The LGBTQ+ movement is in a curious and uncertain position under President Trump. Decades of religious proselytising saw these minorities cast as a prime antagonist by the Republican Party, their ostensible degeneracy validating the Grand Old Party’s rhetoric of family value and its systematic breakdown.
Homophobia and transphobia are rife within the GOP establishment, and if LGBTQ+ Americans were living under, say, a President Cruz, there would be no question that their rights would be rolled thoroughly back. Trump, hardly a conservative in any sense, is a more equivocal force.
Amongst his many idiosyncrasies, Donald Trump stood out against so-called ‘moderate’ Republicans for his relatively progressive views; indeed, although he has gone back and forth, one strange truth is that he came out in support of same-sex marriage before Hillary Clinton did. Even when it was Trump’s turn to triangulate in the primaries, he has proved reluctant to attack the gains of the LGBTQ+ movement.
Although he has flirted aloud with the idea of appointing judges to overturn the landmark 2015 Supreme Court ruling on same-sex marriage, he has more frequently asserted that the issue is settled. As President-elect in November, Trump suggested that he wouldn’t make any alteration to this ruling, while simultaneously declaring his intent to overturn Roe vs. Wade.
It’s an odd juxtaposition: the once socially liberal Trump sticking to his old position on gay rights, while earlier this month proving more than willing to throw women under a bus. Trump’s position, one supposes, is a mix of pragmatism and indifference.
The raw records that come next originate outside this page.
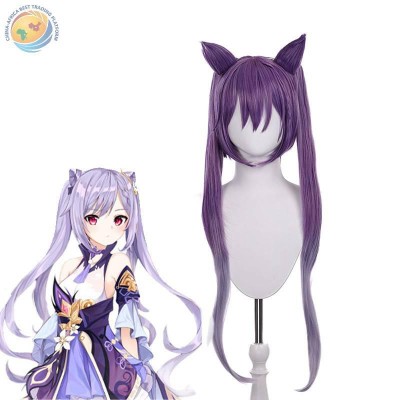 原神 霆霓快雨 刻晴 cosplay假发 带兽耳双马尾渐变猫耳朵造型发
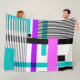 geometric pattern in striped and neon colours fleece blanket
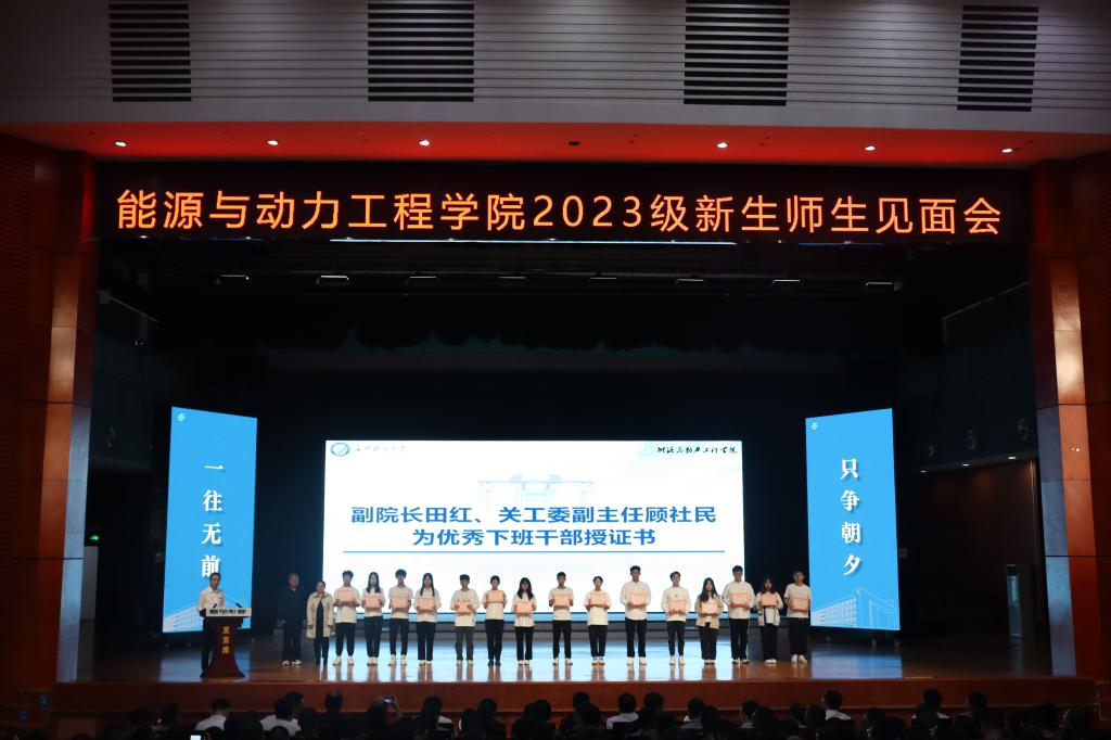 10月13日晚,能源与动力工程学院2023级新生见面会在云塘校区大会堂举行,学院全体院领导、关工委副主任顾社民、各系主任、全体新生班主任、全体学工辅导员及2023级全体本科生新生参会,活动以线上直播的形式邀请全体新生家长参会,共收获逾9900人在线观看。活动由学院党委副书记兼副院长张晓烽主持。
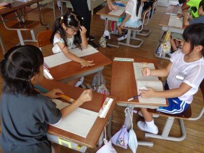 「書き方ノート」に、丁寧な文字をしっかりと書いていますねにっこり
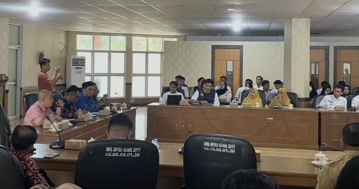Kegiatan tersebut berlangsung di ruang Badan Anggaran DPRD Kabupaten Bone, Selasa (31 Maret 2026), dengan menghadirkan sejumlah pihak terkait serta perwakilan mahasiswa.
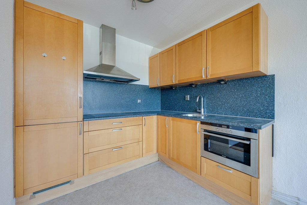 De open keuken is opgesteld in een praktische hoekopstelling en voorzien van diverse inbouwapparatuur en voldoende kastruimte.
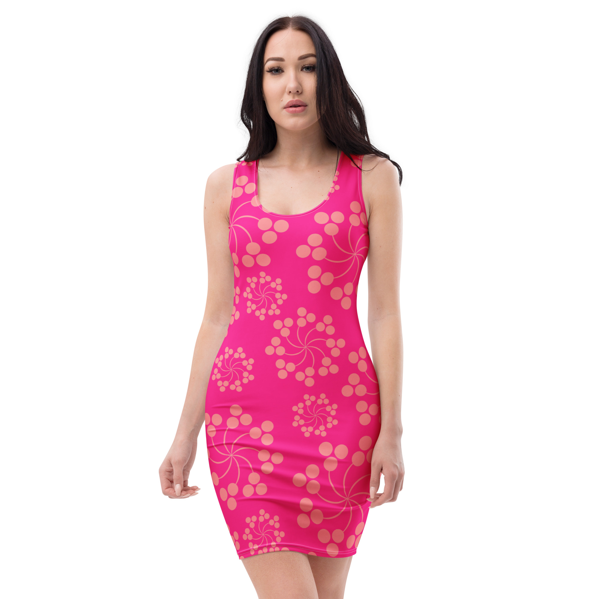Pink Floral pattern All over print Bodycon Dress. Make a statement and look fabulous in this Pink Floral pattern all-over printed, Bodycon Dress.

Trumpism is focused on flag, not faith and family. Regardless of the religious right’s heretofore integral role in Republican politics, the sleazy, thrice-married billionaire’s pitch never entailed family values. LGBTQ+ people are simply non-existent within his narrative, which is both a comfort and a worry. On Tuesday, the White House stated that they would keep in place a 2014 executive order banning anti-LGBTQ+ workplace discrimination. Yet such an order only applied to companies working with the federal government. There is no sign Trump will attain further protections. What we can expect is a freeze on progress—and a safe space for Republicans to make conservative pushbacks.
Just this month Texan Senator Lois Kolkhorst unveiled a bill barring transgender people from using the bathroom that matches their gender when visiting government buildings. Meanwhile, Lt Gov Dan Patrick has challenged Houston’s policy of offering employees with spouses of the same sex benefits equal to traditionally married couples. Better known is the frightening prominence of Mike Pence, who has never recanted his public statements promulgating conversion therapy.
As recently as last year, Pence signed a Religious Freedom Restoration Act for Indiana which allows businesses to deny services to LGBTQ+ people. Although Trump, Bannon, and co are prioritising dehumanising and discriminating against Muslims and refugees, the fact that the Republican Party wields such ubiquitous power enables its senators and governors to pursue atavistic policymaking within the frozen limits of when Trump came to office.
But there is hope. Trump may be adhering to the new status quo on same-sex marriage because Republicans have dared not urge its reversal: public opinion on the status of gay people and their relationships has, much like in the UK, evolved with an incredible rapidity. The media’s normalisation of LGBTQ+ individuals will continue, and it’s certain that Republicans cannot erase most of the progress made.
Nevertheless, although the impact the Trump administration has on LGBTQ+ people may be transient, there is nothing unstoppable about the movement or inevitable about progress, and work still needs to be done. Trans people in particular face a horrifying amount of stigmatisation and abuse, and President Trump will not strive to alleviate this. Collective action must be the response.